Abstract:
Introduction: Bone tissue regeneration following grafting is a complex biochemical and cellular
process that requires balanced osteoblast activity, controlled osteoclast resorption, and adequate
vascularization. In oncologic patients, chemotherapy and radiotherapy significantly disrupt systemic
redox homeostasis, leading to excessive production of reactive oxygen species (ROS). Elevated
oxidative stress may interfere with normal bone remodeling and compromise graft incorporation. The
objective of the study was to elucidate the biochemical mechanisms through which oxidative
imbalance affects bone graft integration after cancer treatment.
Material and methods: A narrative literature review was performed, using 10 articles from 2016-
2026, including data from ScienceDirect, PubMed Central, Biomed Central, MedScape, and others,
focusing on experimental and clinical studies evaluating oxidative stress biomarkers, mitochondrial
dysfunction, and alterations in bone cell metabolism in patients undergoing oncologic therapy.
Molecular pathways related to ROS generation, antioxidant defense systems, and intracellular
signaling involved in osteoblast and osteoclast regulation were examined.
Results: Increased ROS levels activate intracellular signaling cascades that promote osteoclast
differentiation and enhance bone resorption. At the same time, oxidative stress inhibits osteoblast
proliferation, reduces collagen type I synthesis, and decreases alkaline phosphatase activity, impairing
extracellular matrix formation and mineral deposition. Chemotherapeutic agents induce mitochondrial
dysfunction and reduce cellular energy availability, further compromising regenerative capacity.
Radiotherapy contributes to vascular damage, reduced osteocyte viability, and persistent inflammatory
signaling within bone tissue. Diminished antioxidant defenses, including superoxide dismutase and
glutathione-dependent pathways, exacerbate oxidative injury. This biochemical imbalance weakens
early graft stabilization and increases the risk of delayed healing or graft failure. Moreover, oxidative
stress alters angiogenic signaling pathways, reducing vascular endothelial growth factor (VEGF)
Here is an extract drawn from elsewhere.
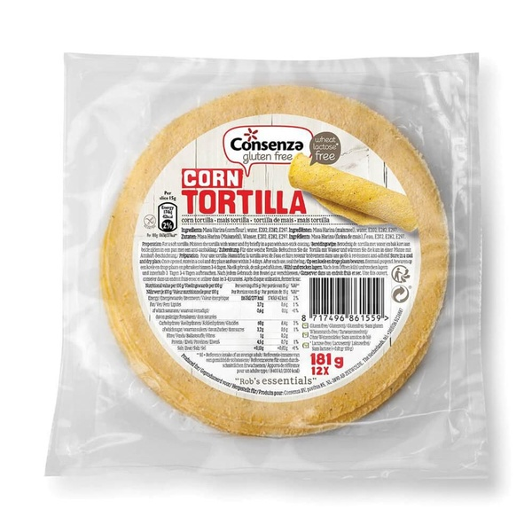 | Ingrediënten (allergenen in kapitalen) | Masa Harina (maïsmeel), water, E202, E282, E297. |
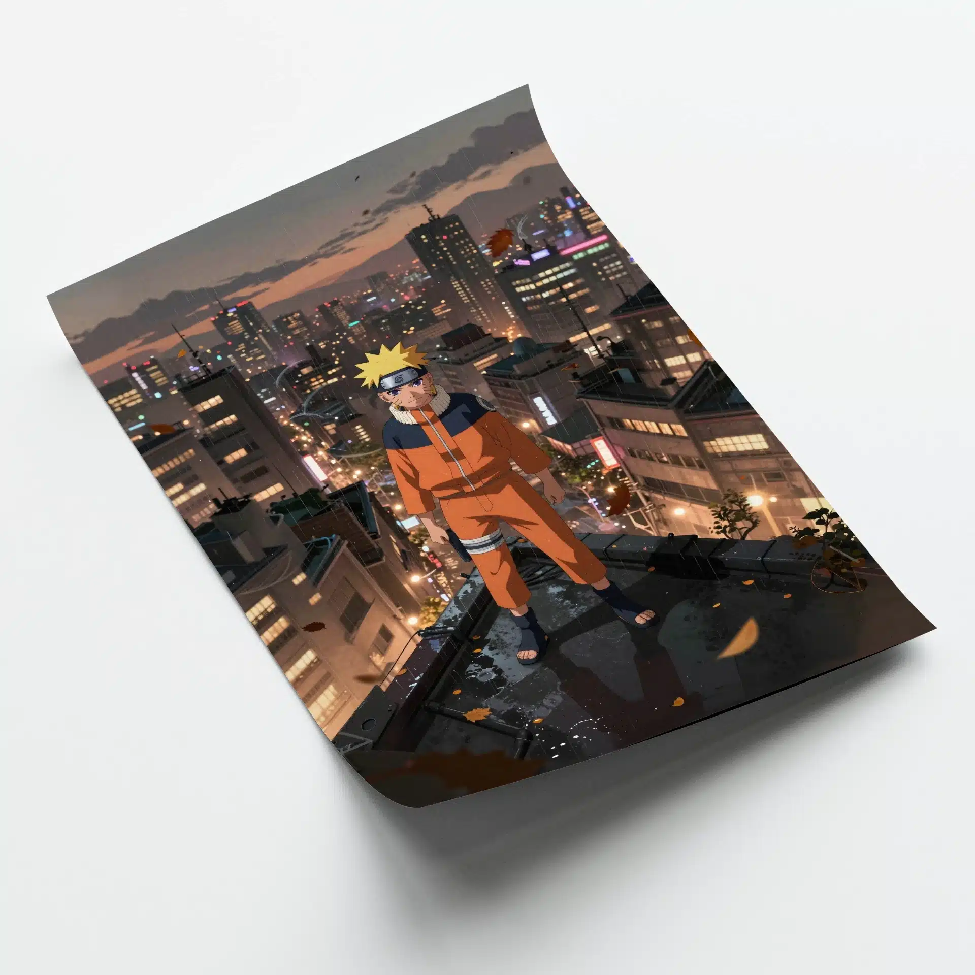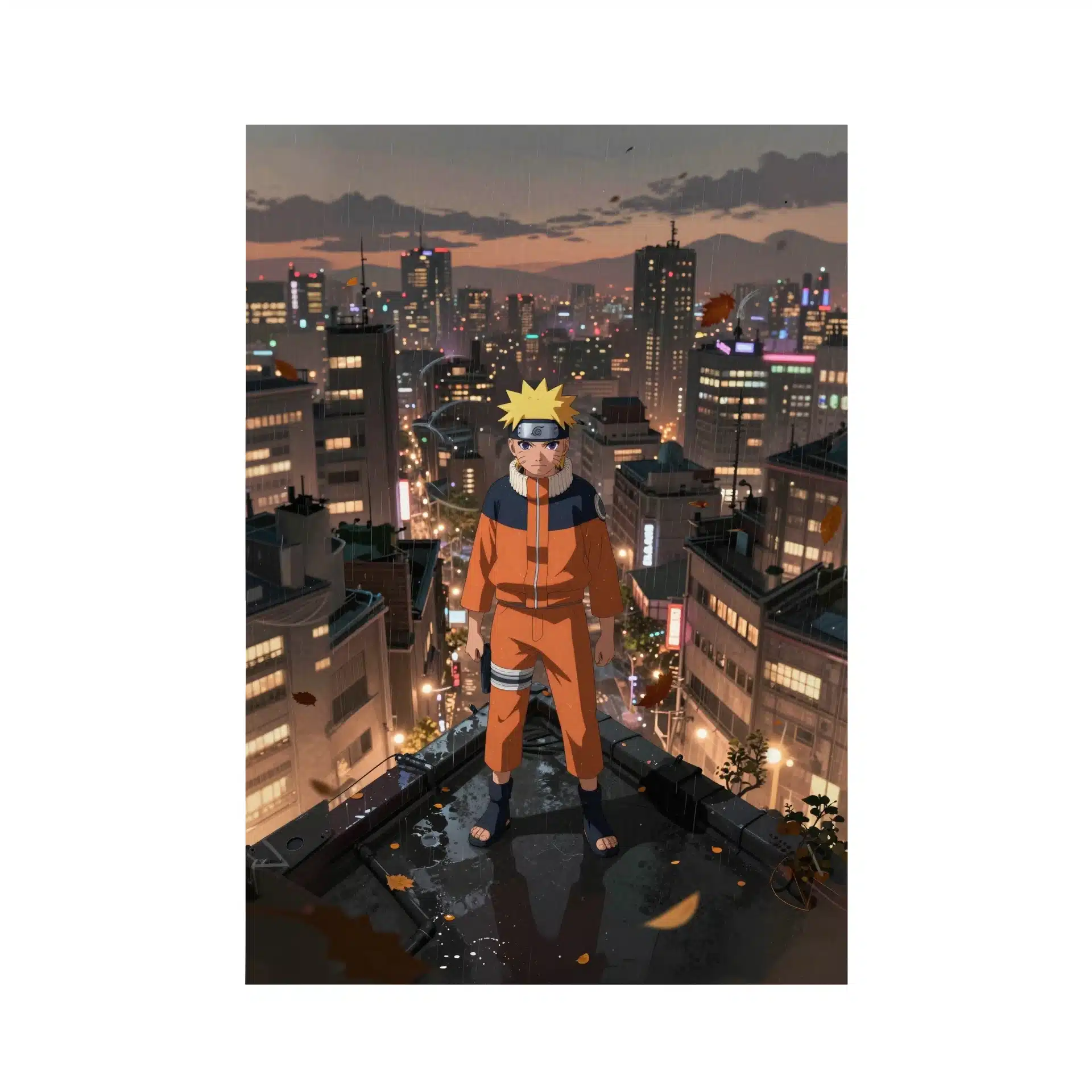 ناروتو بر فراز بامی در شهری گسترده و بارانی ایستاده است، در حالی که نور گرم چراغهای خیابان با رنگهای خاکی شهر در هم میآمیزد. چهرهی مصمم او در سایههای دراماتیک نور و برگهای پاییزی که در هوا میچرخند، حالتی از مقاومت و اندوهی ملانکولیک را به تصویر میکشد.

expression and impairing neovascularization essential for graft survival. Experimental findings suggest
that modulation of oxidative stress may partially restore osteoblastic activity and improve structural
graft incorporation.
Conclusion: Oxidative stress represents a significant biochemical determinant of impaired bone graft
integration in oncologic patients. Targeting redox imbalance may offer supportive therapeutic potential
in reconstructive protocols. Further clinical investigations are required to establish evidence-based
antioxidant strategies capable of improving transplantation outcomes.